FORM 10-K
43
MDU RESOURCES G ROUP, INC.
Provisions for public hearings and public comments are usually included in land use permit application review procedures in the counties
where Knife River operates. After taking into account environmental, mine plan and reclamation information provided by the permittee as
well as comments from the public and other regulatory agencies, the local authority approves or denies the permit application. Denial is
rare but land use permits often include conditions that must be addressed by the permittee. Conditions may include property line setbacks,
reclamation requirements, environmental monitoring and reporting, operating hour restrictions, financial guarantees for reclamation, and
other requirements intended to protect the environment or address concerns submitted by the public or other regulatory agencies.
Knife River has been successful in obtaining mining and other land use permit approvals so that sufficient permitted reserves are available
to support its operations. For mining operations, this often requires considerable advanced planning to ensure sufficient time is available to
complete the permitting process before the newly permitted aggregate reserve is needed to support Knife River's operations.
Knife River's Gascoyne surface coal mine last produced coal in 1995 but continues to be subject to reclamation requirements of the
SMCRA, as well as the North Dakota Surface Mining Act. Portions of the Gascoyne Mine remain under reclamation bond until the 10-year
revegetation liability period has expired. A portion of the original permit has been released from bond and additional areas are currently in
the process of having the bond released. Knife River's intention is to request bond release as soon as it is deemed possible with all final
bond release applications being filed by 2013.
Knife River did not incur any material environmental expenditures in 2007 and, except as to what may be ultimately determined with regard
to the issue described below, Knife River does not expect to incur any material expenditures related to environmental compliance with
current laws and regulations through 2010.

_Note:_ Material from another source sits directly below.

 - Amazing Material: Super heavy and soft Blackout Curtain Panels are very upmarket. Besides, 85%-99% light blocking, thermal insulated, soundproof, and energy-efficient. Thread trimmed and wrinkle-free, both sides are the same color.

In December 2000, MBI was named by the EPA as a Potentially Responsible Party in connection with the cleanup of a commercial property
site, acquired by MBI in 1999, and part of the Portland, Oregon, Harbor Superfund Site. For additional information, see Item 8 -- Note 20.
Item 1A. Risk Factors
The Company's business and financial results are subject to a number of risks and uncertainties, including those set forth below and
in other documents that it files with the SEC. The factors and the other matters discussed herein are important factors that could cause
actual results or outcomes for the Company to differ materially from those discussed in the forward-looking statements included elsewhere
in this document.
Economic Risks
The Company's natural gas and oil production and pipeline and energy services businesses are dependent on factors, including
commodity prices and commodity price basis differentials, which are subject to various external influences that cannot be controlled.

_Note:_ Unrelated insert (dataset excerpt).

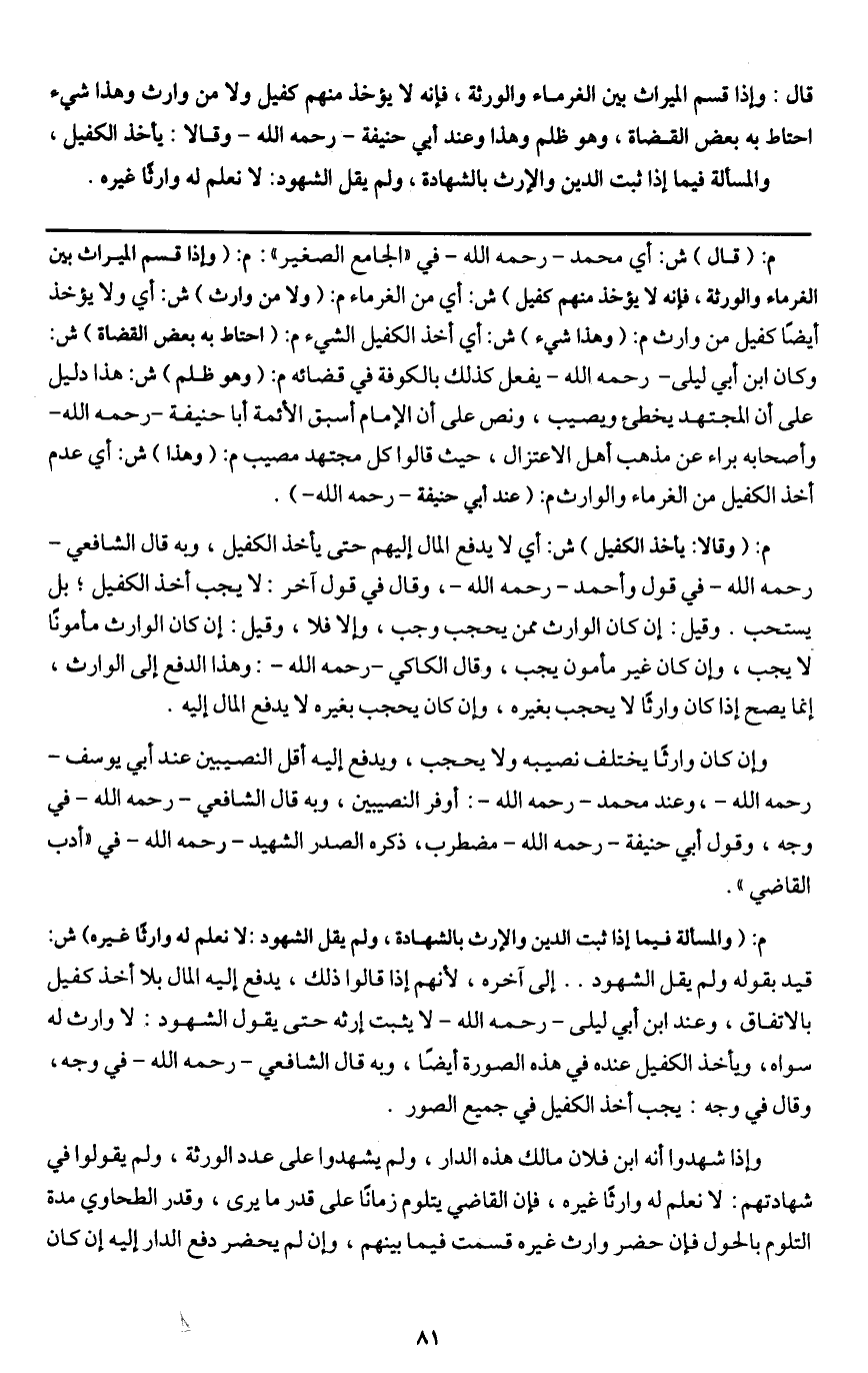 قال: وإذا قسم الميراث بين الغرماء والورثة، فإنه لا يؤخذ منهم كفيل ولا من وارث وهذا شيء احتاط به بعض القضاة، وهو ظلم وهذا وعند أبي حنيفة - رَحِمَهُ اللَّهُ - وقالا: يأخذ الكفيل، والمسألة فيما إذا ثبت الدين والإرث بالشهادة، ولم يقل الشهود: لا نعلم له وارثا غيره.

These factors include: fluctuations in natural gas and crude oil prices; fluctuations in commodity price basis differentials; availability of
economic supplies of natural gas; drilling successes in natural gas and oil operations; the timely receipt of necessary permits and approvals;
the ability to contract for or to secure necessary drilling rig and service contracts and to retain employees to drill for and develop reserves;
the ability to acquire natural gas and oil properties; and other risks incidental to the operations of natural gas and oil wells. Significant
changes in these factors could negatively affect the results of operations, financial condition and cash flows of the Company's natural gas
and oil production and pipeline and energy services businesses.
The construction, startup and operation of power generation facilities may involve unanticipated changes or delays that could negatively
impact the Company's business, its results of operations and cash flows.
The construction, startup and operation of power generation facilities involves many risks, including: delays; breakdown or failure of
equipment; competition; inability to obtain required governmental permits and approvals; inability to negotiate acceptable acquisition,
construction, fuel supply, off-take, transmission or other material agreements; changes in market price for power; cost increases; as well as
the risk of performance below expected levels of output or efficiency. Such unanticipated events could negatively impact the Company's
business, its results of operations and cash flows.
Economic volatility affects the Company's operations, as well as the demand for its products and services and, as a result, may have
a negative impact on the Company's future revenues and cash flows.
The global demand for natural resources, interest rates, governmental budget constraints and the ongoing threat of terrorism can create
volatility in the financial markets. A soft economy could negatively affect the level of public and private expenditures on projects and the
timing of these projects which, in turn, would negatively affect the demand for the Company's products and services.
The construction materials and contracting segment is experiencing a reduction in construction activity and product sales volumes in some
markets due to lower demand, which could negatively affect the Company's results of operations and cash flows.